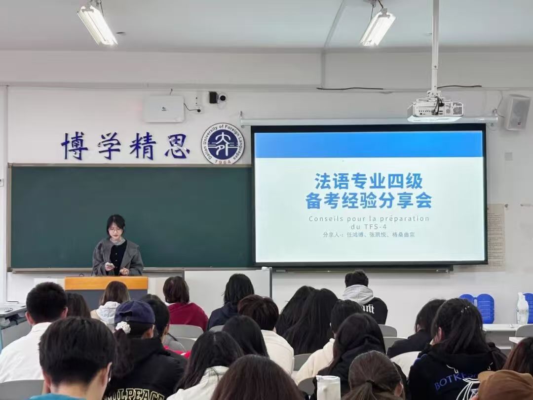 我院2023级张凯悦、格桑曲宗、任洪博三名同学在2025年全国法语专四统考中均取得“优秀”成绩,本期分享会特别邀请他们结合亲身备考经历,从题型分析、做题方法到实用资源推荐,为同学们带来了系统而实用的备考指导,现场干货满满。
┄┄┄┄┄┄┄┄┄┄
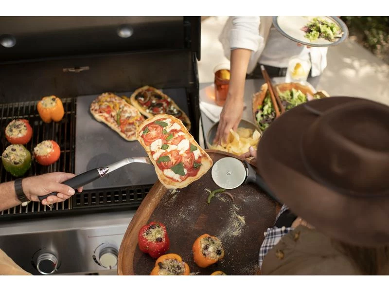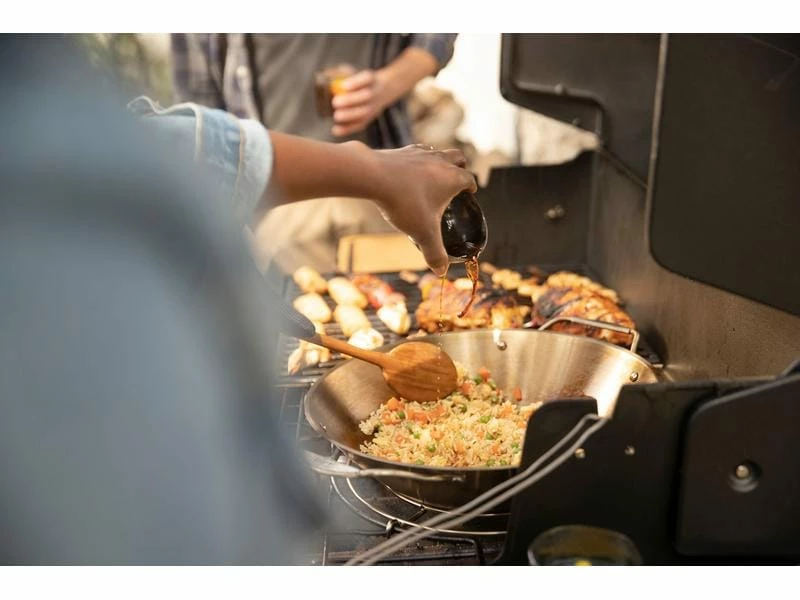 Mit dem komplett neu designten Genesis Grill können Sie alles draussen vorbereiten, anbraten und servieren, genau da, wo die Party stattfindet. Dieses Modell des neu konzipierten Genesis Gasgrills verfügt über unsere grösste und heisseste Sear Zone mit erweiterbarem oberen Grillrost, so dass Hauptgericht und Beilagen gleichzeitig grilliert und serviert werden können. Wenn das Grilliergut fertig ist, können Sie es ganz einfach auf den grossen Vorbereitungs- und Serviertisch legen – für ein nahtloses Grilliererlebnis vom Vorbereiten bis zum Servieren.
┄┄┄┄┄┄┄┄┄┄
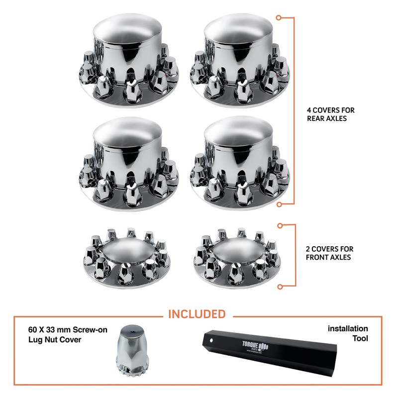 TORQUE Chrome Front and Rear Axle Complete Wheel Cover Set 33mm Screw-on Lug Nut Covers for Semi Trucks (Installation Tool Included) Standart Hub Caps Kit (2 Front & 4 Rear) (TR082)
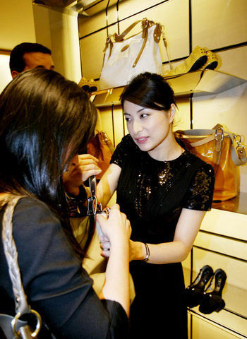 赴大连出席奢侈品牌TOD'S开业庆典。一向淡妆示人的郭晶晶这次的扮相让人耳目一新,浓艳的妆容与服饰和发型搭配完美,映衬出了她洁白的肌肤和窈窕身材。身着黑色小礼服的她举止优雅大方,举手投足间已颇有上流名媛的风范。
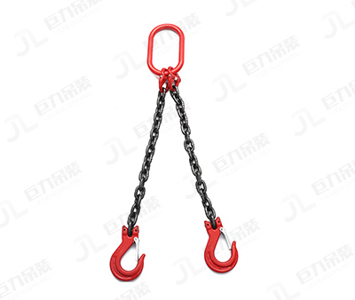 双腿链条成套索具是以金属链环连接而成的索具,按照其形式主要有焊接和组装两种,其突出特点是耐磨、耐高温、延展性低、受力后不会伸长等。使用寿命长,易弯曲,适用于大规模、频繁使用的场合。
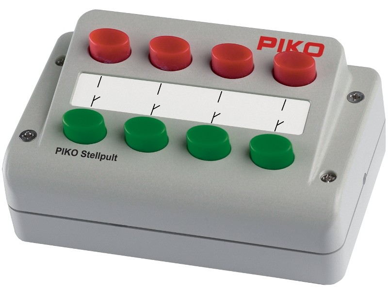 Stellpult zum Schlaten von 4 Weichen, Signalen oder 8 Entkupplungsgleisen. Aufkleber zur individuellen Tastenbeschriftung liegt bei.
┄┄┄┄┄┄┄┄┄┄
Please copy the lines above exactly, starting at the line that holds "赴大连出席奢侈品牌TOD'S" and ending at the line that holds "Stellpult zum Schlaten"; include both, but no pictures.

 赴大连出席奢侈品牌TOD'S开业庆典。一向淡妆示人的郭晶晶这次的扮相让人耳目一新,浓艳的妆容与服饰和发型搭配完美,映衬出了她洁白的肌肤和窈窕身材。身着黑色小礼服的她举止优雅大方,举手投足间已颇有上流名媛的风范。
 双腿链条成套索具是以金属链环连接而成的索具,按照其形式主要有焊接和组装两种,其突出特点是耐磨、耐高温、延展性低、受力后不会伸长等。使用寿命长,易弯曲,适用于大规模、频繁使用的场合。
 Stellpult zum Schlaten von 4 Weichen, Signalen oder 8 Entkupplungsgleisen. Aufkleber zur individuellen Tastenbeschriftung liegt bei.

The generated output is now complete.